#disabilitas#rerie

Wakil Ketua MPR Desak Realisasi Penerapan Data Terpilah Disabilitas

( kata)
Wakil Ketua MPR Desak Realisasi Penerapan Data Terpilah Disabilitas
Wakil Ketua MPR RI, Lestari Moerdijat, saat menerima koordinator Sahabat Difabel Jepara, Adib Budiono, di rumah dinas Wakil Ketua MPR RI, Kamis, 1 April 2021. Dok


Jakarta (Lampost.co) -- Wakil Ketua MPR RI, Lestari Moerdijat, mendesak para pemangku kepentingan merealisasikan penerapan data terpilah berdasarkan ragam disabilitas.
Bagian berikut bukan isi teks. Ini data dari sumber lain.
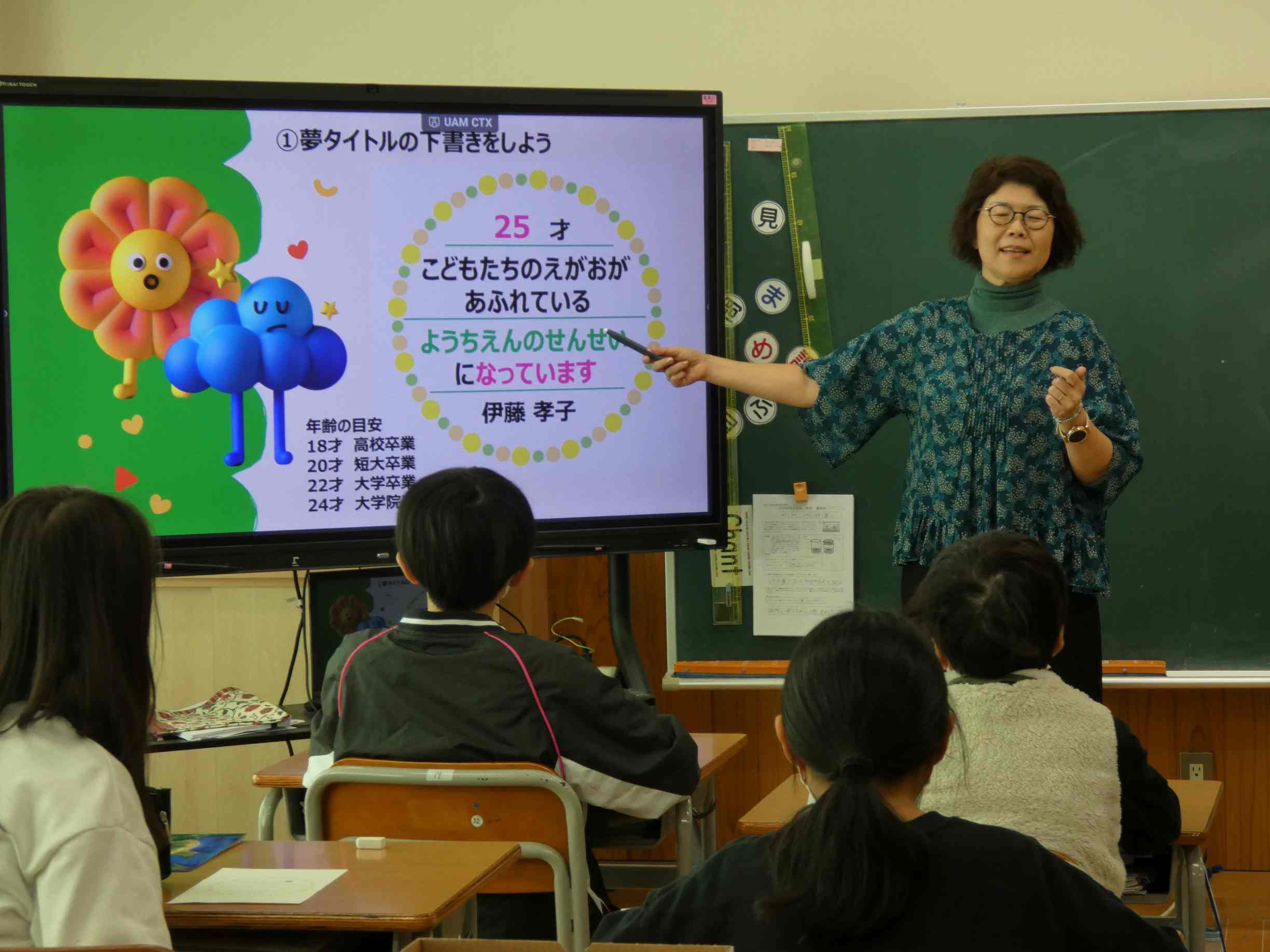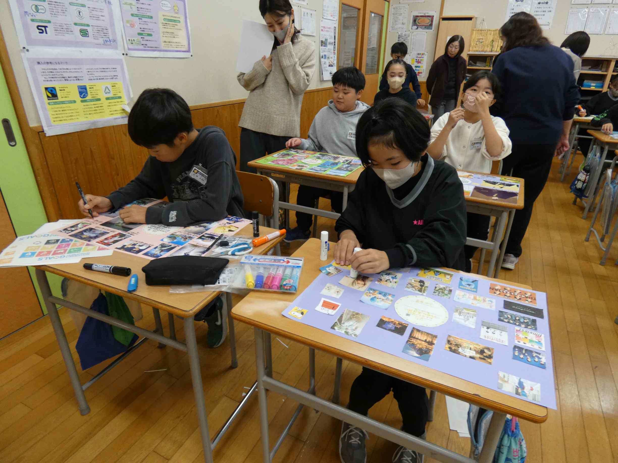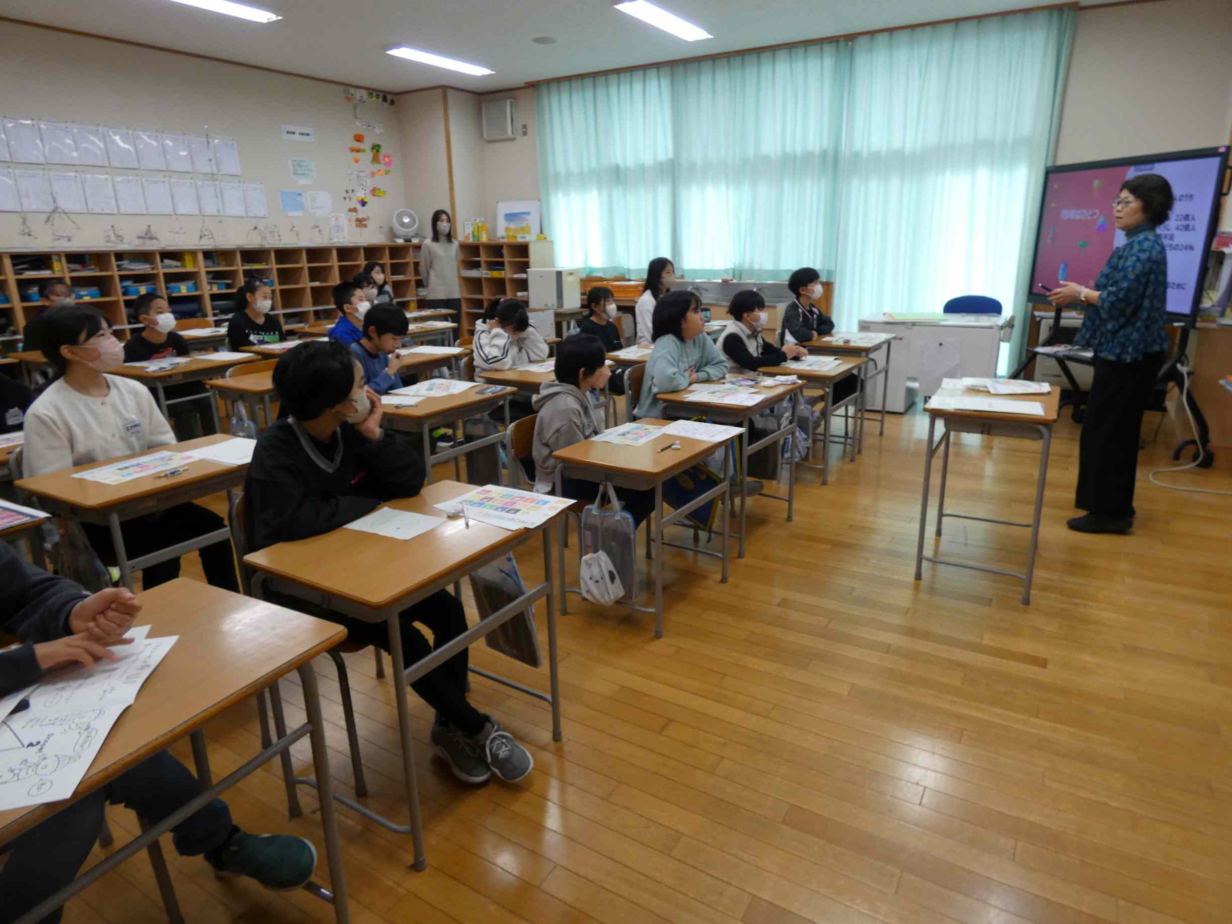 5・6年生がいのちの教育あったかエリア事業のひとつである「未来マップを作ろう」に取り組みました。これは、自分の好きなものやこと、人、将来の夢などを自分が選んだ色画用紙に貼り、そこにメッセージや文章を書き込んでいく活動です。その過程で、ウェルビーイングや自己肯定感の向上についてもふれ、自分や周囲の人を大事にする大切も学びました。どちらの学年も午前いっぱい活動しましたが「時間が足りない、まだやりたい」という声がたくさん聞かれました。指導してくださった「ここはぐ楽園」代表の伊藤孝子先生、ありがとうございました。※学校報には6年生の、こちらには5年生の活動の様子を紹介しています。

Hal itu agar proses perencanaan pembangunan yang inklusif segera terwujud.

"Tahun lalu saya sampaikan sejumlah masukan dari hasil diskusi yang digelar tim Denpasar 12 terkait penerapan data terpilah berdasarkan ragam disabilitas agar pembangunan yang inklusif bisa direalisasikan," kata Lestari, saat menerima koordinator Sahabat Difabel Jepara, Adib Budiono, di rumah dinas Wakil Ketua MPR RI, Kamis, 1 April 2021.

Menurut Rerie, sapaan akrab Lestari, penggunaan data terpilah berdasarkan jenis disabilitas sangat diperlukan untuk mulai mengatasi berbagai permasalahan yang dihadapi penyandang disabilitas secara komprehensif.

Dia menegaskan dengan lebih rincinya data yang ada, para pemangku kepentingan dapat lebih terarah dalam merealisasikan sejumlah program bagi penyandang disabilitas.

Selain berupaya mewujudkan data terpilah berdasarkan jenis disabilitas, dia juga berharap pemberdayaan para sahabat difabel harus terus ditingkatkan.

Anggota Majelis Tinggi Partai NasDem itu menegaskan, kolaborasi dan partisipasi masyarakat untuk melibatkan penyandang disabilitas dalam kegiatan ekonomi sangat diharapkan untuk mengurangi beban yang dihadapi di masa pandemi ini.

"Upaya kreatif itu harus mendapat dukungan semua pihak untuk menggerakkan perekonomian desa dan meningkatkan perekonomian di daerah," kata Rerie.

Adib Budiono, mengatakan terdapat sejumlah kendala yang dihadapi sahabat difabel di Jepara, dalam memenuhi kebutuhan dasar setiap warga negara terkait dokumen kependudukan.

Para penyandang disabilitas, banyak yang belum memiliki akta kelahiran dan KTP sebagai dasar pengurusan dokumen lainnya. Penyandang disabilitas juga kesulitan dalam mengakses pendidikan. Masalah fisik dan kesehatan, menjadi kendala untuk mengakses sejumlah layanan kependudukan, kesehatan dan pendidikan.